From: Robert Richter <rrichter@marvell.com>
To: Borislav Petkov <bp@alien8.de>,
Mauro Carvalho Chehab <mchehab@kernel.org>,
Tony Luck <tony.luck@intel.com>
Cc: James Morse <james.morse@arm.com>,
Aristeu Rozanski <aris@redhat.com>,
Robert Richter <rrichter@marvell.com>,
<linux-edac@vger.kernel.org>, <linux-kernel@vger.kernel.org>
Subject: [PATCH 02/11] EDAC/ghes: Setup DIMM label from DMI and use it in error reports
Date: Fri, 6 Mar 2020 16:13:09 +0100 [thread overview]
Message-ID: <20200306151318.17422-3-rrichter@marvell.com> (raw)
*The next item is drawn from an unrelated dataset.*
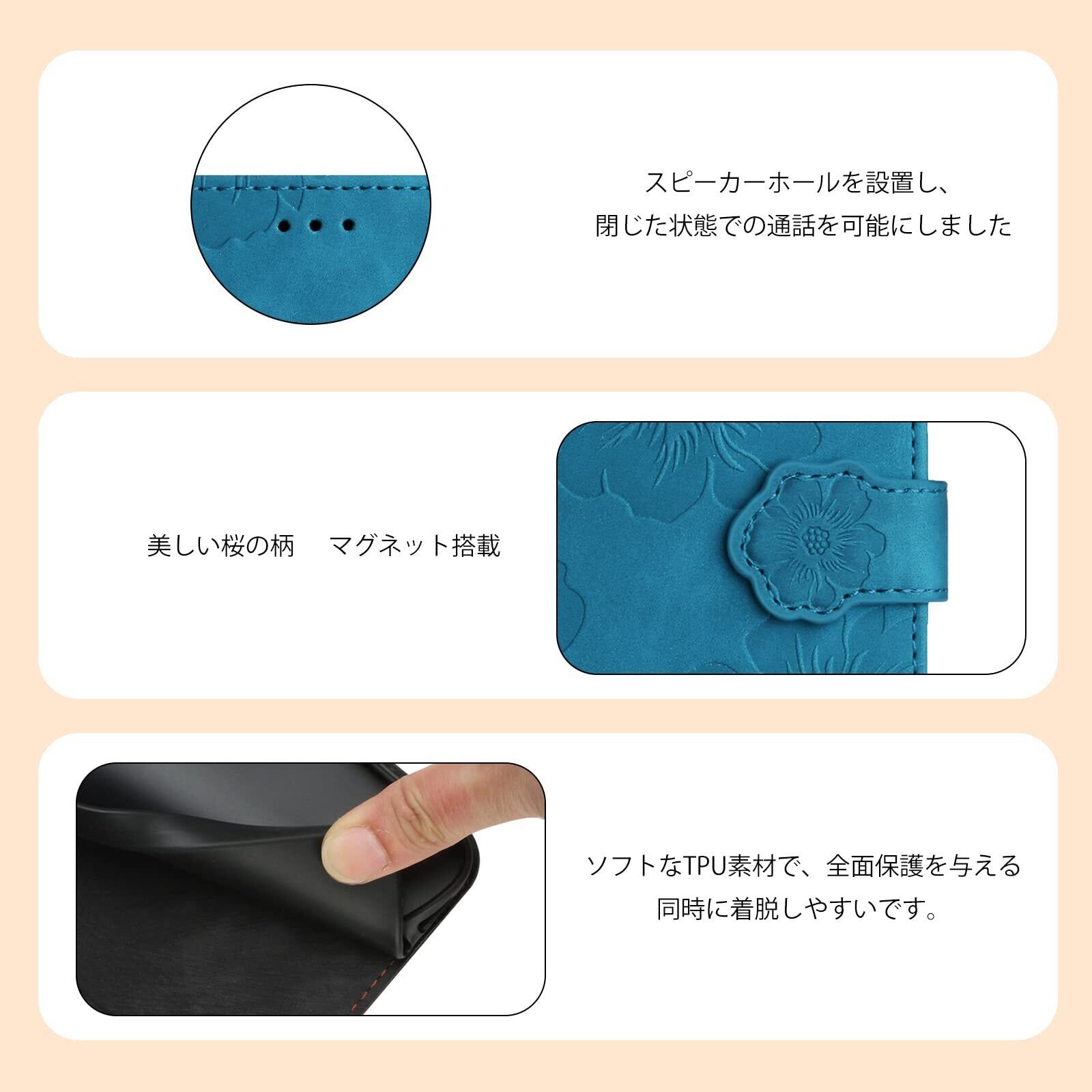 【数量限定】らくらくスマートフォン F-42A / らくらくスマートフォン me F-01L ケース 手帳型 人気 f42a f01l ケース おしゃれ f-42a f-01l ケース 手帳型 本革PUレザー かわいい 美しい桜の柄 f42aスマホケース 耐衝撃 Fujitsu 富士通 らくらくホン f01l ケース 手帳型 スマホケース カード収納 グネット式 スタンド機能 お洒落 軽量(レイクブルー)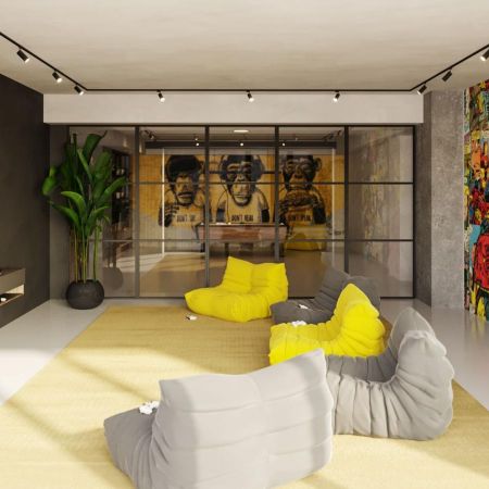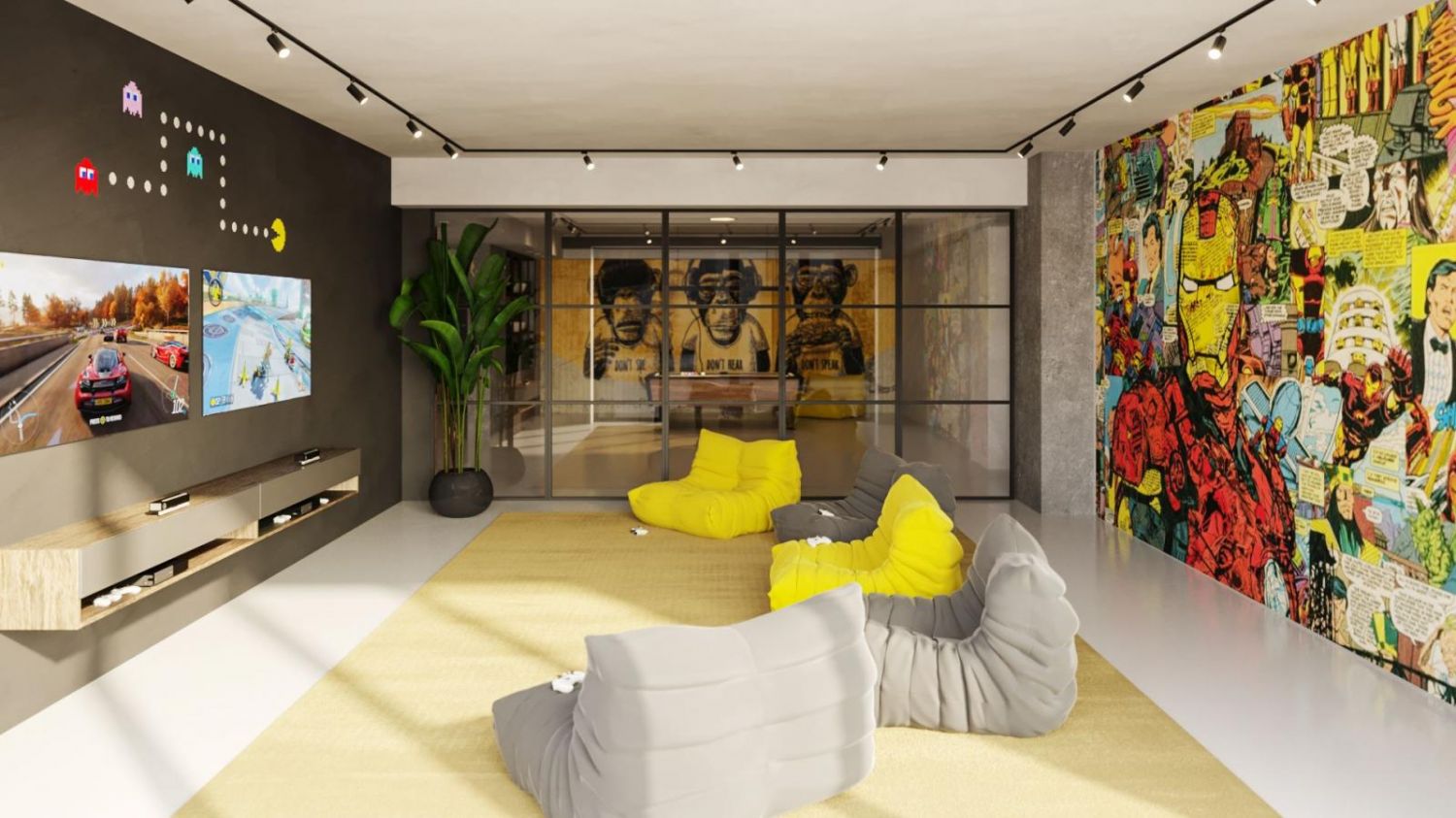 בקומת הקרקע של הפרויקט הוקם מתחם פנאי בגודל של 300 מ״ר הכולל חדר כושר, סלון משותף, חדר משחקים המצויד בשולחן סנוקר ומשחקים נוספים.

In-Reply-To: <20200306151318.17422-1-rrichter@marvell.com>
The ghes driver reports errors with 'unknown label' even if the actual
DIMM label is known, e.g.:
EDAC MC0: 1 CE Single-bit ECC on unknown label (node:0 card:0
module:0 rank:1 bank:0 col:13 bit_pos:16 DIMM location:N0 DIMM_A0
page:0x966a9b3 offset:0x0 grain:1 syndrome:0x0 - APEI location:
node:0 card:0 module:0 rank:1 bank:0 col:13 bit_pos:16 DIMM
location:N0 DIMM_A0 status(0x0000000000000400): Storage error in
DRAM memory)
Fix this by using struct dimm_info's label string in error reports:
EDAC MC0: 1 CE Single-bit ECC on N0 DIMM_A0 (node:0 card:0 module:0
rank:1 bank:515 col:14 bit_pos:16 DIMM location:N0 DIMM_A0
page:0x99223d8 offset:0x0 grain:1 syndrome:0x0 - APEI location:
node:0 card:0 module:0 rank:1 bank:515 col:14 bit_pos:16 DIMM
location:N0 DIMM_A0 status(0x0000000000000400): Storage error in
DRAM memory)
The labels are initialized by reading the bank and device strings from
DMI. Now, the label information can also read from sysfs. E.g. a
ThunderX2 system will show the following:
/sys/devices/system/edac/mc/mc0/dimm0/dimm_label:N0 DIMM_A0
/sys/devices/system/edac/mc/mc0/dimm1/dimm_label:N0 DIMM_B0
/sys/devices/system/edac/mc/mc0/dimm2/dimm_label:N0 DIMM_C0
/sys/devices/system/edac/mc/mc0/dimm3/dimm_label:N0 DIMM_D0
/sys/devices/system/edac/mc/mc0/dimm4/dimm_label:N0 DIMM_E0
/sys/devices/system/edac/mc/mc0/dimm5/dimm_label:N0 DIMM_F0
/sys/devices/system/edac/mc/mc0/dimm6/dimm_label:N0 DIMM_G0
/sys/devices/system/edac/mc/mc0/dimm7/dimm_label:N0 DIMM_H0
/sys/devices/system/edac/mc/mc0/dimm8/dimm_label:N1 DIMM_I0
/sys/devices/system/edac/mc/mc0/dimm9/dimm_label:N1 DIMM_J0
/sys/devices/system/edac/mc/mc0/dimm10/dimm_label:N1 DIMM_K0
/sys/devices/system/edac/mc/mc0/dimm11/dimm_label:N1 DIMM_L0
/sys/devices/system/edac/mc/mc0/dimm12/dimm_label:N1 DIMM_M0
/sys/devices/system/edac/mc/mc0/dimm13/dimm_label:N1 DIMM_N0
/sys/devices/system/edac/mc/mc0/dimm14/dimm_label:N1 DIMM_O0
/sys/devices/system/edac/mc/mc0/dimm15/dimm_label:N1 DIMM_P0
Since dimm_labels can be rewritten, that label will be used in a later
error report:
# echo foobar >/sys/devices/system/edac/mc/mc0/dimm0/dimm_label
# # some error injection here
# dmesg | grep foobar
[ 2119.784489] EDAC MC0: 1 CE Single-bit ECC on foobar (node:0 card:0
module:0 rank:0 bank:769 col:1 bit_pos:16 DIMM location:foobar
page:0x94d027 offset:0x0 grain:1 syndrome:0x0 - APEI location: node:0
card:0 module:0 rank:0 bank:769 col:1 bit_pos:16 DIMM location:foobar
status(0x0000000000000400): Storage error in DRAM memory)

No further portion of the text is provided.